Photo by Celinda Hughes.
After wars, many Africans return from exile not to their native countryside but to unfamiliar cities. The lands where they originally lived are not safe because of deadly landmines. With no food production and recurrent famines, orphaned or cast-off children become "street kids." Young boys and girls who have had no education or moral teaching are now bringing up children of their own. All too often, a 16-year-old father abandons a 14-year-old mother, leaving her with a child to care for. She has no food, no place to live, and no one to help her raise the child; so she decides to dump the baby in a garbage can. Sometimes the young mother can manage to care for the child up to a certain age. But when her life becomes unbearably hard, she abandons the child to life as a "street kid."

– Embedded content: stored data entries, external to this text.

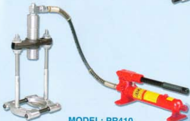
MODEL: PR410 Capacity: 4 Ton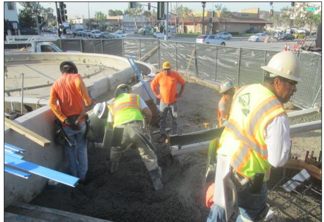
Placing Portland Concrete Cement West Landing at Stairway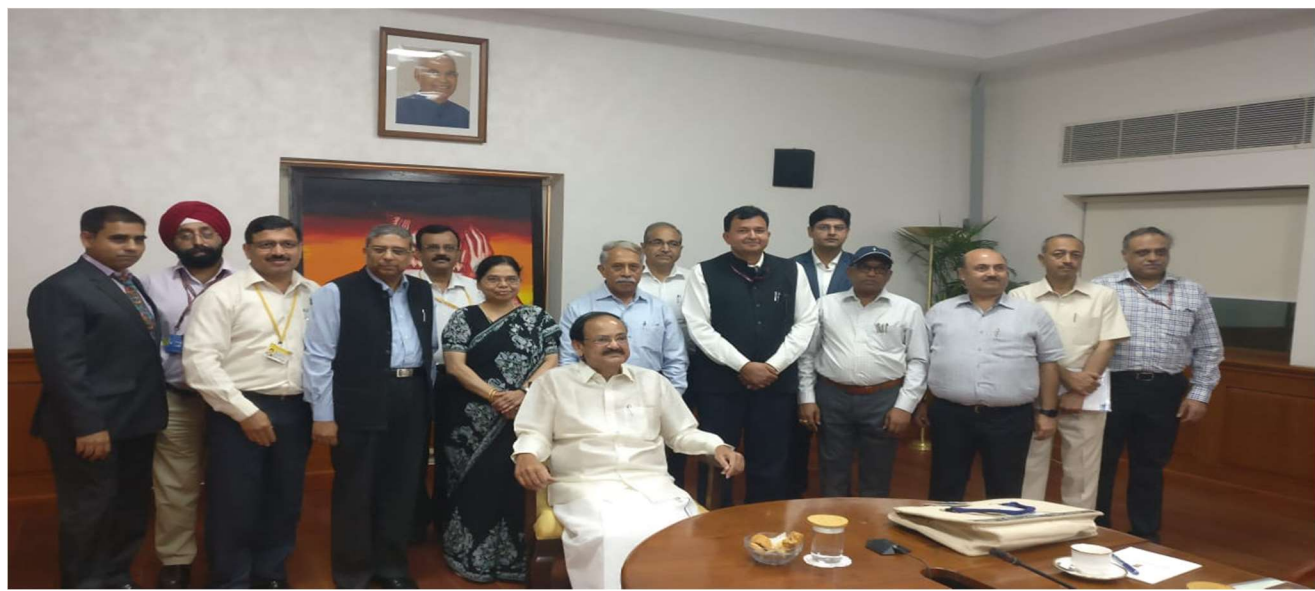
[NeVA Review by Hon'ble Vice-President of India & Chairman Rajya Sabha on 7<sup>th</sup> May, 2019 at Vice President's House, New Delhi]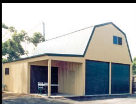
65) Quaker Barn with Annex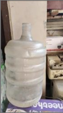
Jar Drinking Water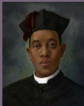
Father Augustus Tolton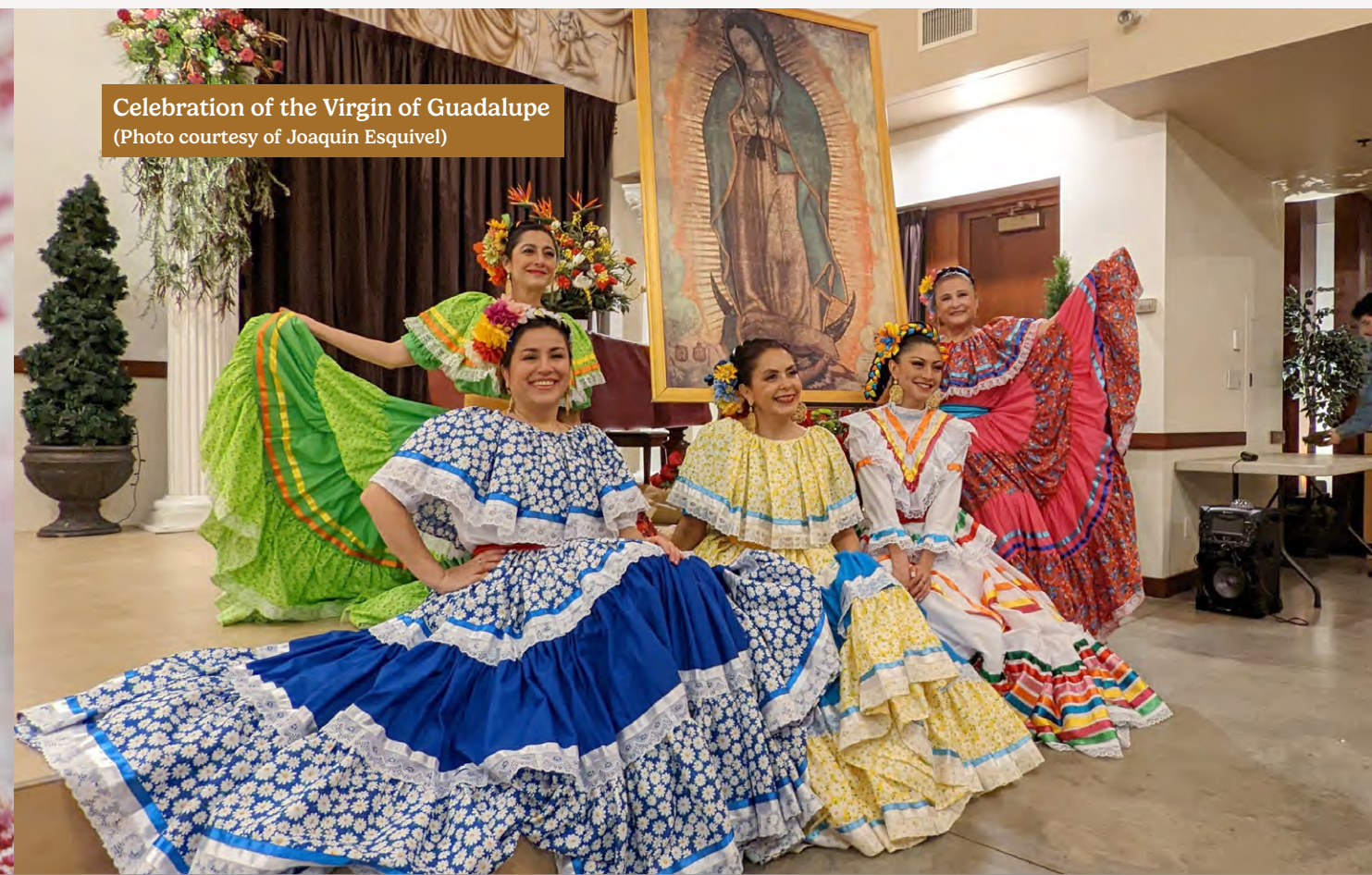
Celebration of the Virgin of Guadalupe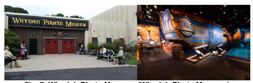
Fig. 7. Whydah Pirate Museum (Whydah Pirate Museum)

All in all, Bellamy and his crew had captured over 50 ships in their pirate career resulting in an enormous amount of booty being originally stored in the Whydah . Enough has now been recovered that a museum called the Whydah Pirate Museum was built and opened on Cape Cod in 2016 to display what has been found and provide a laboratory for extracting and conserving the artifacts (Fig. 7).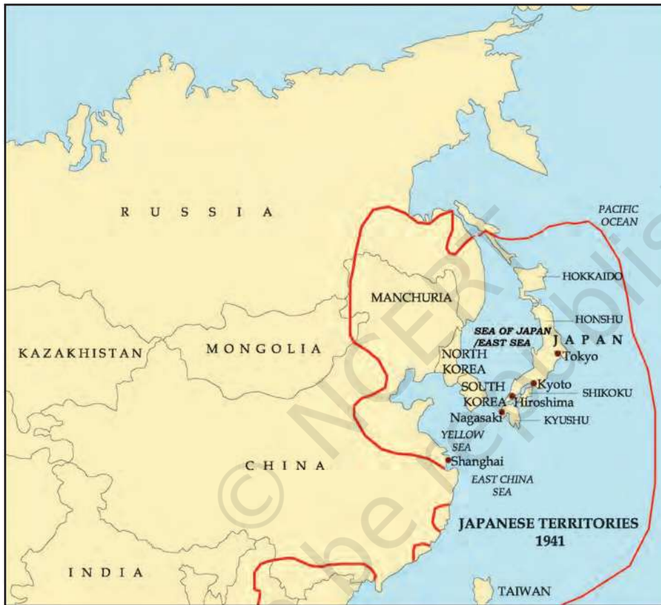
MAP 1: East Asia

China and Japan present a marked physical contrast. China is a vast continental country that spans many climatic zones; the core is dominated by three major river systems: the Yellow River (Huang He), the Yangtse River (Chang Jiang – the third longest river in the world) and the Pearl River. A large part of the country is mountainous.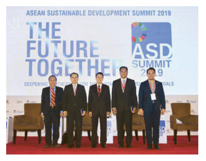
ASEAN Sustainable Development Summit 2019 at the Sunway Resort Hotel & Spa.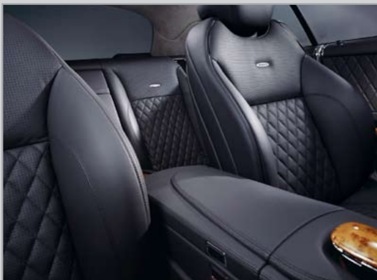
AMG Sport Seats with AMG V12 Diamond Pattern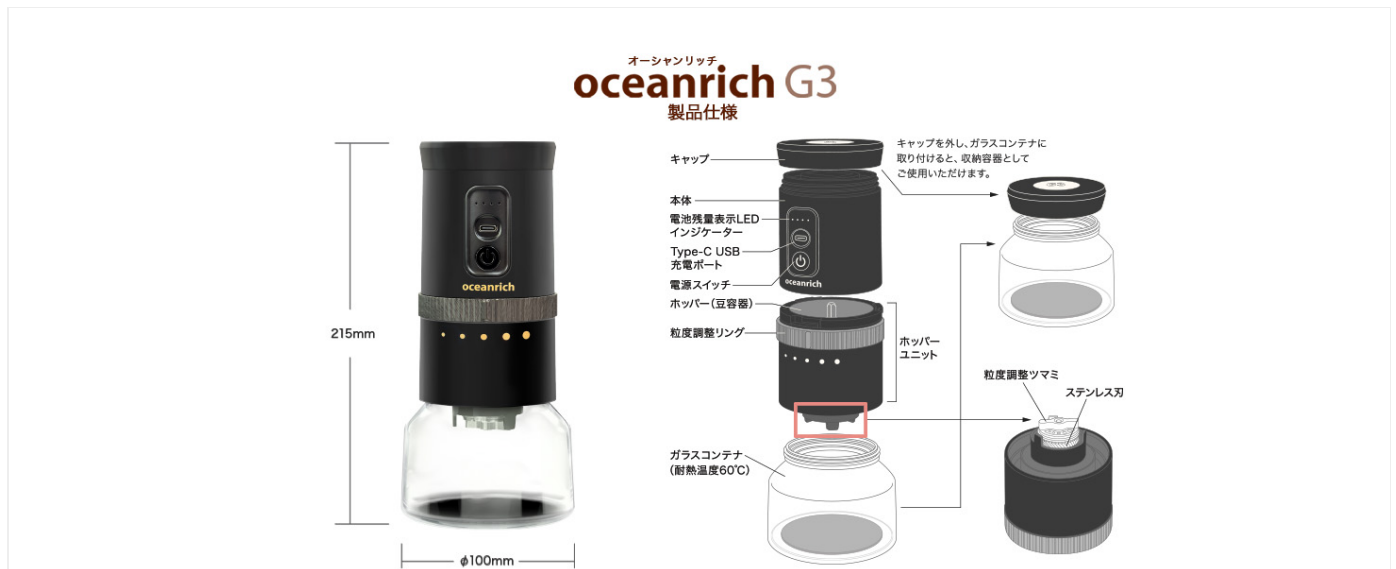
Figure 1: Product Components Diagram

This diagram illustrates the various parts of the oceanrich G3 coffee mill, including the main body, cap, battery indicator LEDs, USB Type-C charging port, hopper unit, grind adjustment ring, stainless steel burr, and glass container. The cap can be removed and used as a lid for the glass container for storage.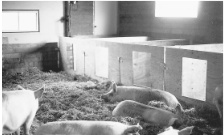
◆ Swedish type farrowing boxes. Group housing improves the well-being of the animals.

The buildings include a group nursing room in which temporary farrowing boxes measuring 6 feet by 8 feet are installed (Halverson et al., 1997). Sows build straw nests and farrow in these boxes. Group housing stimulates estrus and allows social hierarchy to develop (Honeyman and Kent, 1996). This is consistent with hogs' natural herd instincts and improves the animals' comfort and well being. Piglets are kept in the farrowing boxes for their first seven to ten days, allowing them to bond with their mother. Then the farrowing boxes are removed and the sows and litters are allowed to mingle (Halverson et al., 1997). During this period, they have free access to a common area that includes feed and water on a raised platform. After weaning, the sows are taken to a breeding barn or room while the pigs stay in the nursing room. After 11 to 12 weeks, the pigs are moved to the farm's finishing unit or sold to a finisher (Halverson et al., 1997).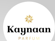
KYAAN PERFUME JULY 2020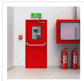
SS Fire Resistance Door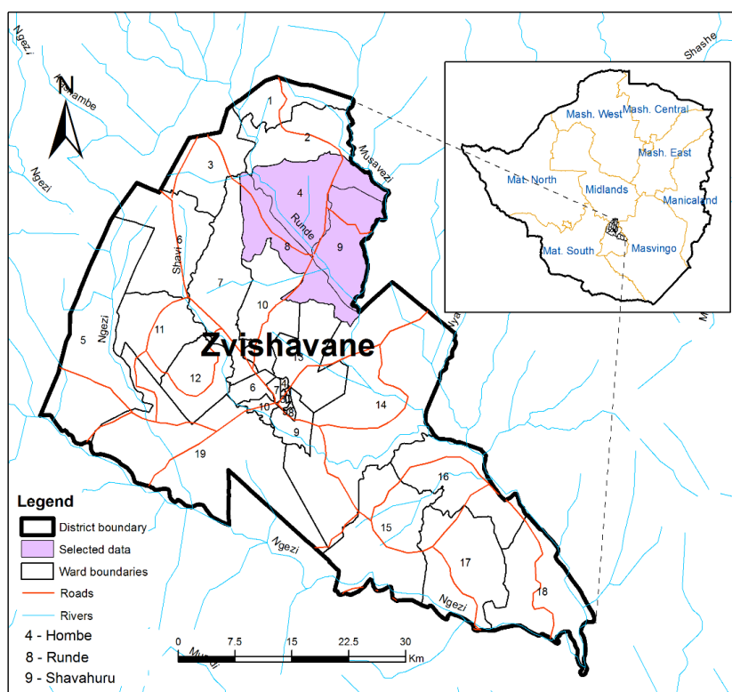
Figure 1 Study Area

Zvishavane lies in the southern part of Midlands province of Zimbabwe, in agro-ecological region IV of the country, which receives annual rainfall of 450-600mm. The region is characterised by seasonal droughts and severe intra season dry spells. Although considered to

The churches in Mozambique have no means to support street children. If they could provide the kids with food and shelter, they could try to convince them to accept moral instruction. No teaching is going to enter the head of a child with an empty stomach.
Is there, then, any hope for the children of Africa? Yes, there is hope. Let there be peace in Africa. Let the landmines be removed and not replanted. Let the governments and the churches provide for the children and instruct them. The governments have to stop the wars. The governments, international organizations, and churches have to join forces to remove the landmines. Education and health care have to be provided.
And while this is being done, we need to provide training for the rural people who are living in cities without city skills. Short courses in such skills as carpentry, iron forging, computer operation, and sewing could prepare some young people for employment.
If we could join hands to do this, we could see the number of "street kids" reduced in a few years time. Families could remain intact, and hope for the children of Africa would become a reality.
Zacarias M. Uqueio of Mozambique is a director of the General Board of Global Ministries.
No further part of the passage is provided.